### Assigned task
Taking the line with "Ensemble complet d'outils" as the first and the line with "Ürün Kodu: Kendine" as the last, set down exactly every line in that range from the entries below, and no more.

### Records supplied

-*-

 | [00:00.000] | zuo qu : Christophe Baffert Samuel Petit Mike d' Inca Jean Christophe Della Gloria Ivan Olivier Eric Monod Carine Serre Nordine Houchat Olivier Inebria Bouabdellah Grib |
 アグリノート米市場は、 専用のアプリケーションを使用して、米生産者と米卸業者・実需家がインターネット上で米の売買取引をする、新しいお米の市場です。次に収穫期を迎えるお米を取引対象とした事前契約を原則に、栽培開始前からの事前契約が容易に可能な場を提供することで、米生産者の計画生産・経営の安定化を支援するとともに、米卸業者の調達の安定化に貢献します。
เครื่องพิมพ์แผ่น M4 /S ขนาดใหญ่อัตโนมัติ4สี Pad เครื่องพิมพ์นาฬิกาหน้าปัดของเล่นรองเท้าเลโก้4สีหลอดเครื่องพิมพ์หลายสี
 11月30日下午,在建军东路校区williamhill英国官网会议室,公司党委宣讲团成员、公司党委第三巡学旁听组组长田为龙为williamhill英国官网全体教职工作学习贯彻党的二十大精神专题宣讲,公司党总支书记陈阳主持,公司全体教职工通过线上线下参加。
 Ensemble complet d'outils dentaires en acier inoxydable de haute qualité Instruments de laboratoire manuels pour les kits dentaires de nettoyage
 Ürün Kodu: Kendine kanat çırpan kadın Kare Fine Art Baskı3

-*-

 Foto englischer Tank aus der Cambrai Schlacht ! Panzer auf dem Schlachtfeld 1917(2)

-*-

### Task result
 Ensemble complet d'outils dentaires en acier inoxydable de haute qualité Instruments de laboratoire manuels pour les kits dentaires de nettoyage
 Ürün Kodu: Kendine kanat çırpan kadın Kare Fine Art Baskı3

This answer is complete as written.